[Items from a data source]
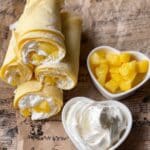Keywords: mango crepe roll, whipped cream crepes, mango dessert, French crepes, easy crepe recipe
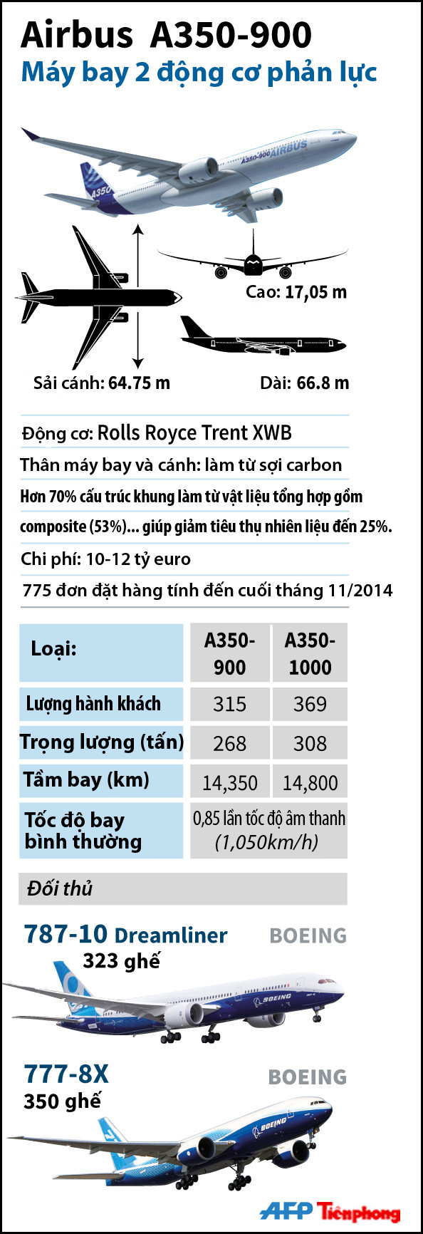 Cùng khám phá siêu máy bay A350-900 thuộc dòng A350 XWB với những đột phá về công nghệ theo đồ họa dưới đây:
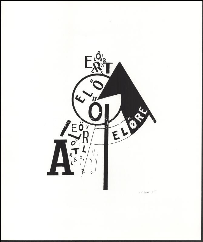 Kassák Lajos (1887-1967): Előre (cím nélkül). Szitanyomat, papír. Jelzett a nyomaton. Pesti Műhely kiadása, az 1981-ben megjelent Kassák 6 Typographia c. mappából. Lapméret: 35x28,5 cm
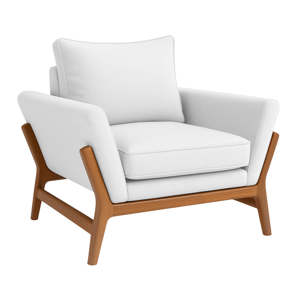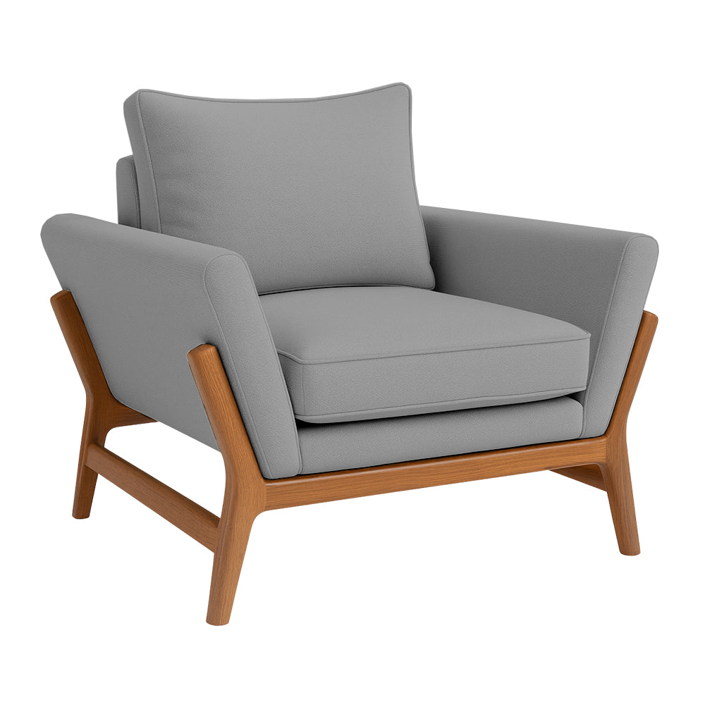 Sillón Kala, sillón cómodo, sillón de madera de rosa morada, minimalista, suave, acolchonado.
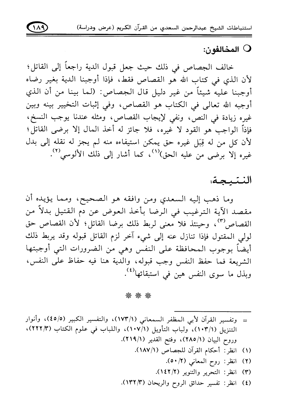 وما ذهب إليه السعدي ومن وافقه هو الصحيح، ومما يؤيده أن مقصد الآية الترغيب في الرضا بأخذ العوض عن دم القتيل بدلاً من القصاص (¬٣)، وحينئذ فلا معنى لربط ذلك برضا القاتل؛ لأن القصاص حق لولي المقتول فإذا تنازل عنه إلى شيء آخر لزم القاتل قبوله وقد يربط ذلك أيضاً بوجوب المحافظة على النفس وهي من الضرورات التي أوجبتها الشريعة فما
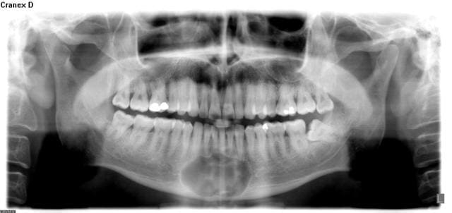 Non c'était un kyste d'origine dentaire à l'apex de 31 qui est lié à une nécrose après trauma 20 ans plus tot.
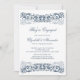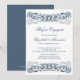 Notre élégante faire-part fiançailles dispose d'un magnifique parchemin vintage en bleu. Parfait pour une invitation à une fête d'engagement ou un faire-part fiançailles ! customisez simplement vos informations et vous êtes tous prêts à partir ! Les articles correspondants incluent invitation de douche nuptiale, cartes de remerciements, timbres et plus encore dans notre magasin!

**TASK ITEM**. Working from the entries above, reproduce exactly and only the lines beginning with the line that has "Cùng khám phá" and ending with the line that has "Sillón Kala, sillón"; omit all pictures.

**EXPECTED ANSWER**.
 Cùng khám phá siêu máy bay A350-900 thuộc dòng A350 XWB với những đột phá về công nghệ theo đồ họa dưới đây:
 Kassák Lajos (1887-1967): Előre (cím nélkül). Szitanyomat, papír. Jelzett a nyomaton. Pesti Műhely kiadása, az 1981-ben megjelent Kassák 6 Typographia c. mappából. Lapméret: 35x28,5 cm
 Sillón Kala, sillón cómodo, sillón de madera de rosa morada, minimalista, suave, acolchonado.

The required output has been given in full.